_Work to complete_.
Restate the records below exactly. Pictures are not part of the copy.

_Data_.
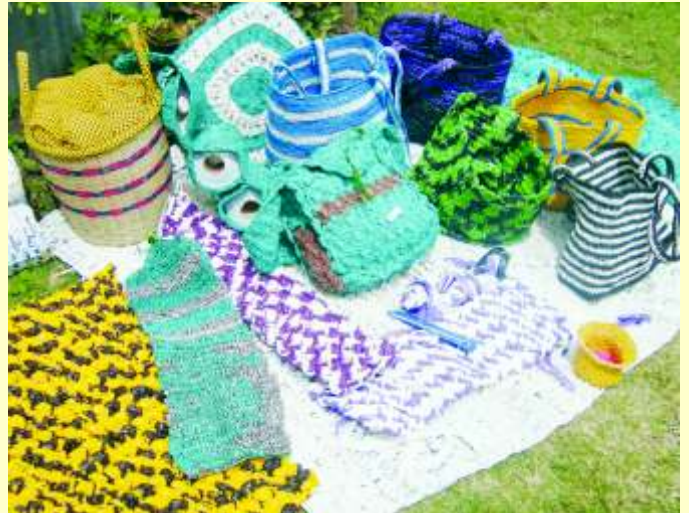
Useful items from recycled plastic bags
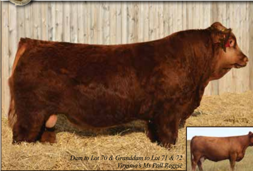
Dam to Lot 70 & Granddam to Lot 71 & 72 Virginia's Ms Poll Reggie
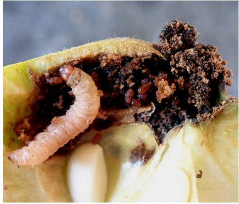
Figure 2B. Damage from late-stage codling moth larva.
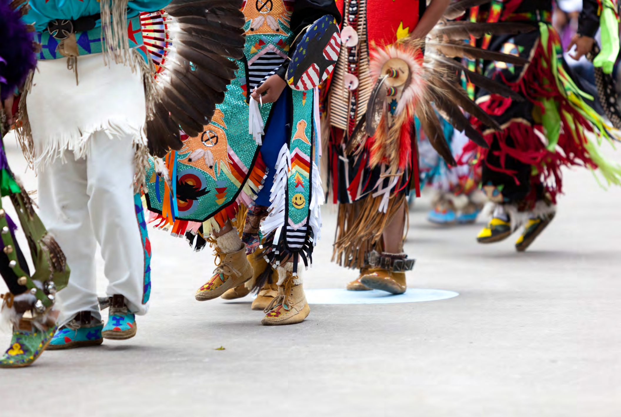
First Nations Parade at Calgary Stampede Rope Square

Calgary joins a group of leading cities in recognizing the role of culture as a central force in shaping the growth of more livable cities.
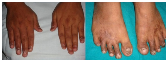
Figure 2. Shedding of hand and feet nails in 4 weeks
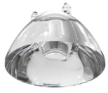
08.0718.00 Super Spot Lens for Eclectic 90 Power Led
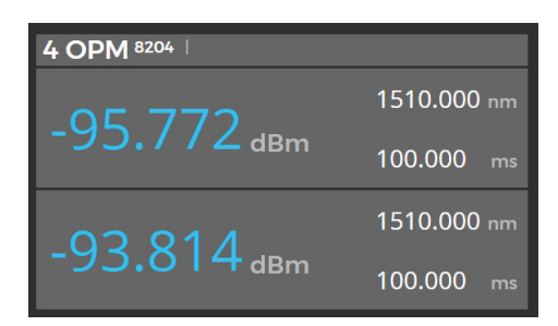
Figure 1 – mOPM MAP-300 summary view GUI

Efficient transition between summary and detailed views (figure 1 and figure 2) allow users to operate at a system level or access the full power of a module.

_Response below_.
Useful items from recycled plastic bags
Dam to Lot 70 & Granddam to Lot 71 & 72 Virginia's Ms Poll Reggie
Figure 2B. Damage from late-stage codling moth larva.
First Nations Parade at Calgary Stampede Rope Square

Calgary joins a group of leading cities in recognizing the role of culture as a central force in shaping the growth of more livable cities.
Figure 2. Shedding of hand and feet nails in 4 weeks
08.0718.00 Super Spot Lens for Eclectic 90 Power Led
Figure 1 – mOPM MAP-300 summary view GUI

Efficient transition between summary and detailed views (figure 1 and figure 2) allow users to operate at a system level or access the full power of a module.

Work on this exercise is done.